Ancient History

Follow Me?



Something funny happens to the kids when guests come over, like last night. Close to the designated guest-arrival time, the kids begin to huddle around the front door, ready to spring on the unsuspecting guests with their own brand of shock and awe. Like runners lined up for a sprint, they are poised to blast off when the gun (or in our case, the doorbell) sounds.

The first thing on the agenda, before the guests can remove their coats, put down their bags, hand over the goodies they brought with them, or breathe, is the “grand tour.” It includes all the important historical details good guided tours include:

Who died there? A mouse! In the middle of the kitchen floor while daddy was at work one day. Mommy screamed! And screamed!

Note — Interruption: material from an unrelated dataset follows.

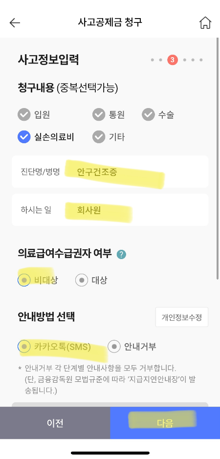 6. 약관에 동의 후 사고 정보 입력항목을 채운 후 다음을 클릭하세요.

Who slept there? Here is mommy and daddy’s room. Joel sleeps in here too. And sometimes when we get scared, we do too. Or when we get up too early. Or when we are out of water or need to go potty or we are bored in the middle of the night. We come in here to sleep. Mommy and daddy don’t mind–see their big bed? We all fit. Except for mommy and daddy.

Is it haunted? It is haunted with the ghosts of dead mice that squeak in the night and there are a couple of monsters. And we don’t like the downstairs bathroom because spiders live in there. One might bite your butt! So don’t go in there.

Other typical tour high-points are hit: the location of Major Battles and Minor Skirmishes, the Dirty-Laundry Room (I hear this is one of the highlights of the guided tour you can take at Bill Clinton’s new Presidential Library), and where the dog threw up on the couch (hey, it’s right where you are sitting!!)

Once the kids are satisfied that all details of family life have been sufficiently shared, “show and tell” time occurs. This is different from the grand tour. Sammy is particularly good at this part of having guests: He likes to bring them every toy he has ever played with and he explains the toy in depth—where it came from, the occasion it was given or bought, the commercial jingle used to advertise the item, and the pros and cons of the toy. Then he leaves them in the guests’ laps. When my aunt, uncle, grandma, and cousin came to visit us after the birth of Joel about a year ago, they were literally buried in toys. I couldn’t see them, so I simply directed my side of the conversation to the big piles of plastic, stuffed animal googly eyes, and dumptruck wheels mounded on the couch.

Another phenomenon that happens when guests are over: the sudden embarrassingly rampant need to talk about bodily functions. Just last night:

“Somebody wipe me! Somebody wipe me! Somebody wipe me!” The repetitive rapid-fire shouting broke through the dinner conversation with our guests. One of the boys had abandoned the table five minutes prior to go potty and apparently he wanted all to know that his mission was accomplished.

The kids also become overwhelmed with the need to show off in other ways–especially dancing. With guests in the house, the living room suddenly turns into the set of “American Bandstand”. All that is missing is the disco ball. And Dick Clark.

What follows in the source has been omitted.